I’ve been reluctant to attempt a review of Crimson Glory’s 1988 opus Transcendence for a while now. It’s such a powerful and influential album that I feared I couldn’t do it justice. Then I heard the news of former Crimson Glory vocalist Midnight’s untimely death. I knew the man was struggling with alcoholism (I saw firsthand evidence of this at the ProgPower USA festival in 2006), but I don’t think anyone expected this. I’ve been listening to Midnight’s three albums with Crimson Glory – particularly Transcendence – a lot since I heard the news, so this seems like the appropriate way to pay tribute to the album and the man.
I guess the main elements of Transcendence’s (and Crimson Glory’s) sound are traditional, power and progressive heavy metal – in equal measure. Now that’s a pretty standard formula these days, but in the 80’s it was bands like Fates Warning, Queensryche, Savatage and Crimson Glory who were basically creating from scratch the template so many bands would later follow. We got a good feel for Crimson Glory’s unique sound on the band’s excellent 1986 self-titled debut, but it was Transcendence that really defined Crimson Glory.
I still can’t decide if Transcendence is more a power metal or progressive metal album. The instrumentation on display here points in a prog metal direction, but the sheer power and epic dramatic flair of the songs suggests a power metal label. I guess it doesn’t matter in the end. What matters is that albums like Transcendence were among the first metal releases that really showed the world just how far heavy metal could be taken. It was just a stunning display of power, emotion and technical ability. Jon Drenning’s virtuoso guitar work and impeccable songwriting really set the tone for Transcendence, and when paired with Midnight’s contributions, the result was absolutely unforgettable.
Midnight had one of the most unique and instantly recognizable voices in metal, not to mention a vocal register that could shatter glass. He hit notes on “Red Sharks” that I’m pretty sure only dogs can hear. The man’s high-pitched wail was a signature component of Crimson Glory’s sound, as was his considerable songwriting ability. It’s easy to overlook that at first, especially when listening to standard fantasy-inspired numbers like “Masque of the Red Death” and “Where Dragons Rule”, but when you read the lyrics to songs like “Painted Skies”, “Transcendence” and “Lonely”, you really get an insight into the troubled artist behind the silver mask.
Transcendence really is a must have album for all fans of 80’s era heavy metal. It’s a once in a lifetime release, and now that a key member of that lineup is no longer with us, we’ll never see its like again. Rest in peace, Midnight.

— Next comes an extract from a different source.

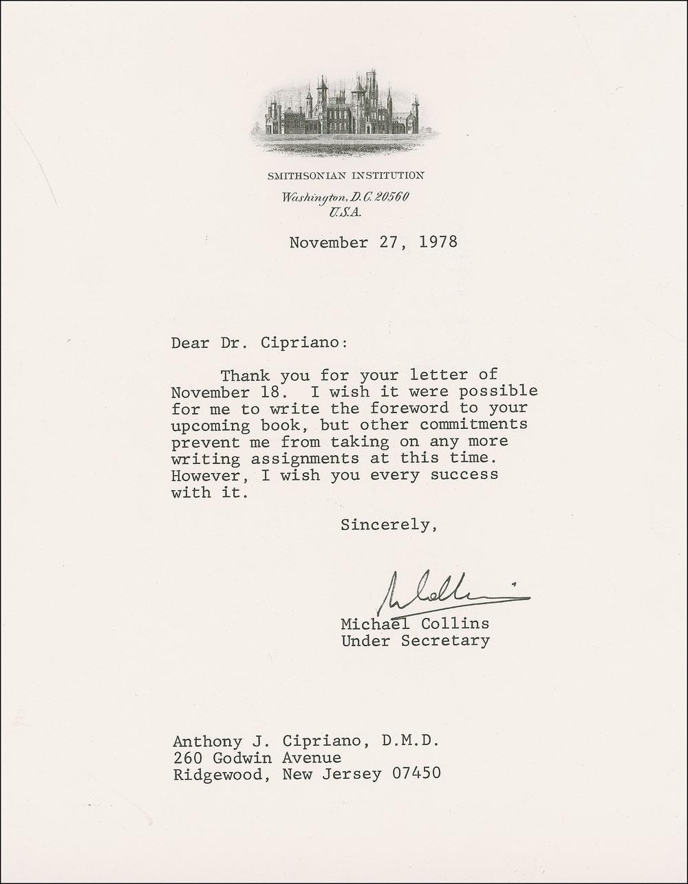 TLS, one page, 7 x 9, Smithsonian Institute letterhead, November 27, 1978. Letter to Dr. Anthony Cipriano. In full: "Thank you for your letter of November 8, I wish it were possible for me to write the foreword to your upcoming book, but other commitments prevent me from taking on any more writing assignments at this time. However, I wish you every success with it.” In fine condition. Dr. Cipriano, a member of the National Space Institute and the American Institute of Aeronautics and Astronautics, is the author of “America’s Journeys Into Space: The Astronauts of the United States.” The foreword to his book was written by Astronaut Gordon Cooper.

Edition Notes: Metal Mind reissued Transcendence in 2008. The reissue – a numbered edition limited to 2,000 copies – comes housed in a digipack with expanded liner notes, digitally remastered sound, and a remixed version of “Lonely” added as a bonus track. The sound quality is the main reason to buy this reissue, as it’s a big improvement over the original. Metal Mind also reissued Crimson Glory and Strange & Beautiful.